Information supplied:
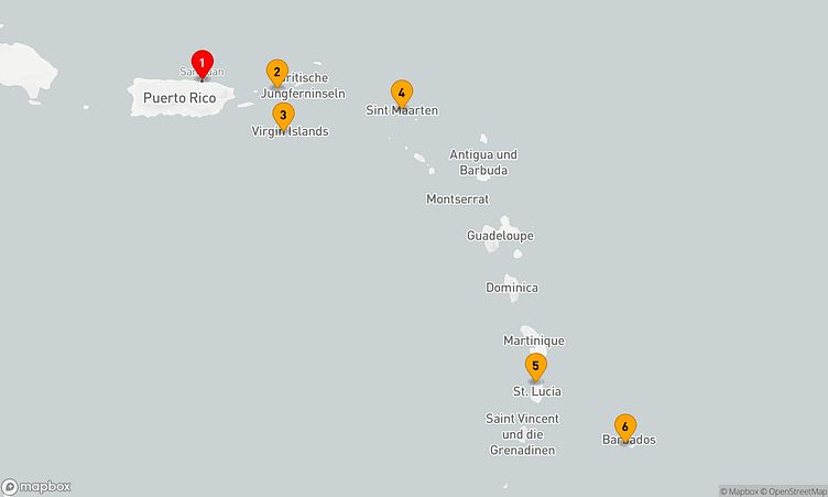 Die Reiseroute startet am 11. Dezember 2027 in San Juan (Puerto Rico) und führt Sie vom 11. Dezember 2027 bis zum 18. Dezember 2027 (7 Tage) zurück nach San Juan (Puerto Rico).
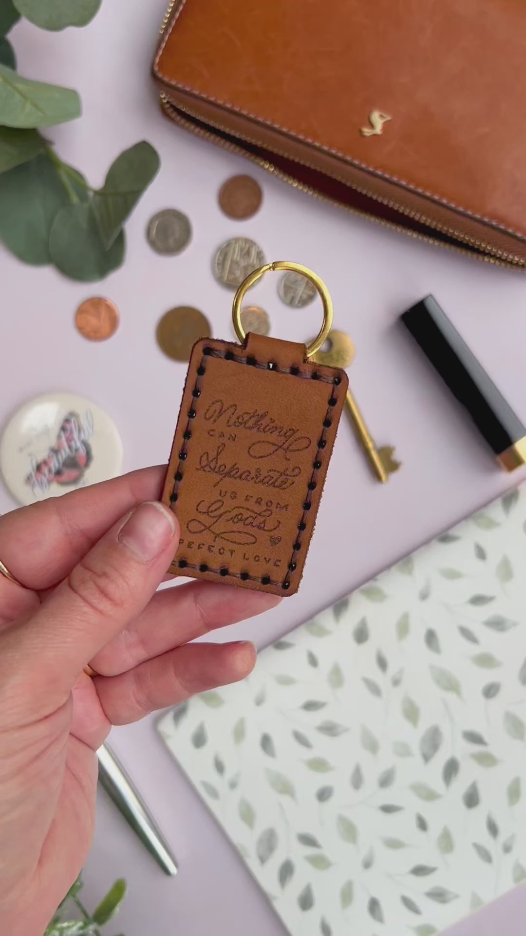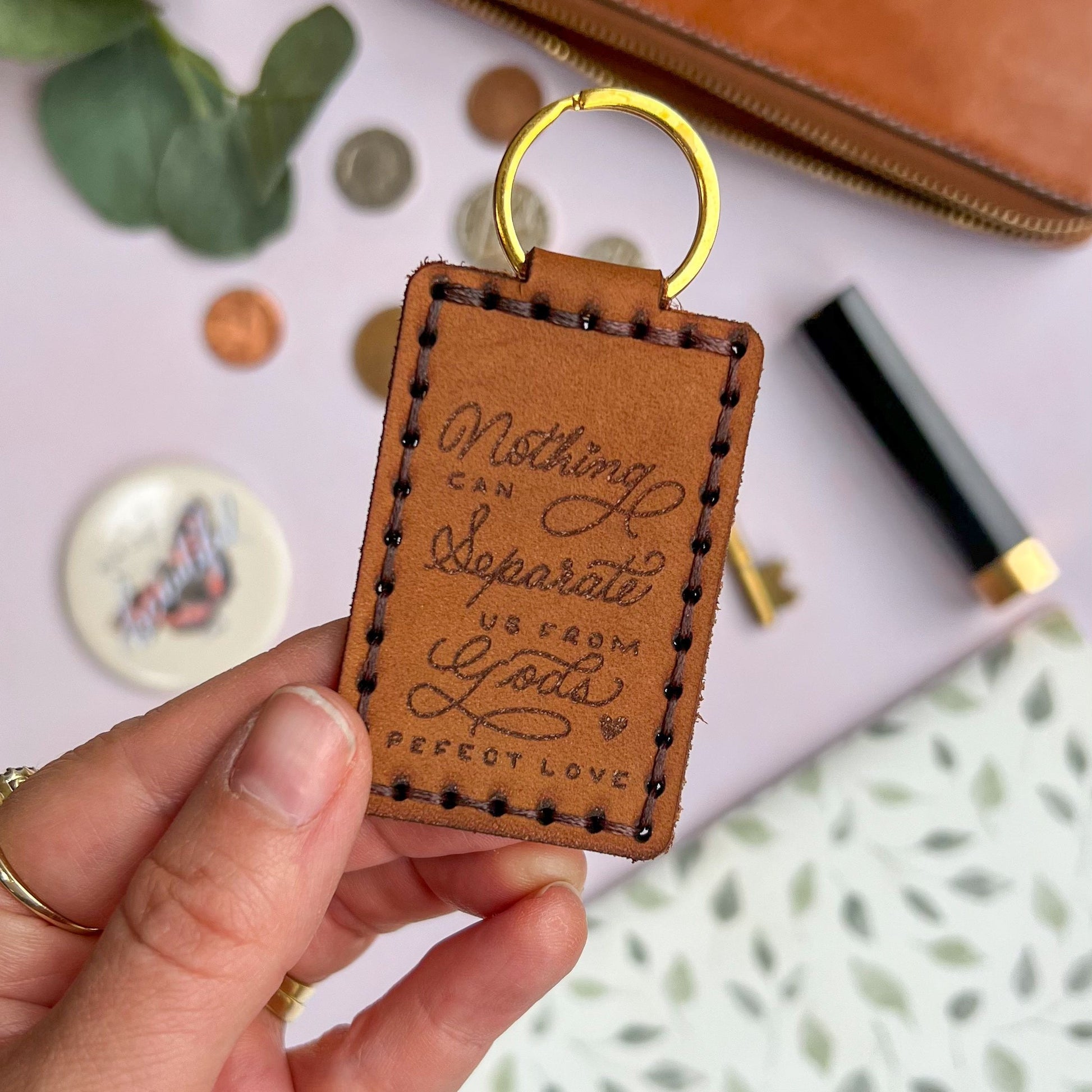 Each Key fob measures approx 6cm x 4cm - Inspired by Romans 8:38-39 featuring “Nothing can seperate us from God’s perfect Love” - engraved into the stunning tan coloured Leather.
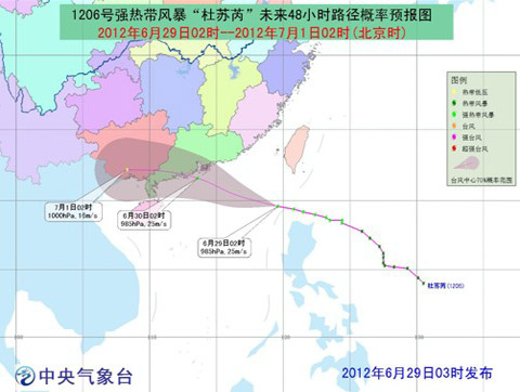 今年第6号强热带风暴“杜苏芮”的中心已于29日凌晨进入南海东北部海面,29日05时“杜苏芮”的中心位于香港东南方约580公里的海面上,就是北纬19.7度、东经118.9度,中心附近最大风力有10级(25米/秒),中心最低气压为985百帕。

Required work:
The answer must be the full listing, word for word, with no images in it.

Solution:
 Die Reiseroute startet am 11. Dezember 2027 in San Juan (Puerto Rico) und führt Sie vom 11. Dezember 2027 bis zum 18. Dezember 2027 (7 Tage) zurück nach San Juan (Puerto Rico).
 Each Key fob measures approx 6cm x 4cm - Inspired by Romans 8:38-39 featuring “Nothing can seperate us from God’s perfect Love” - engraved into the stunning tan coloured Leather.
 今年第6号强热带风暴“杜苏芮”的中心已于29日凌晨进入南海东北部海面,29日05时“杜苏芮”的中心位于香港东南方约580公里的海面上,就是北纬19.7度、东经118.9度,中心附近最大风力有10级(25米/秒),中心最低气压为985百帕。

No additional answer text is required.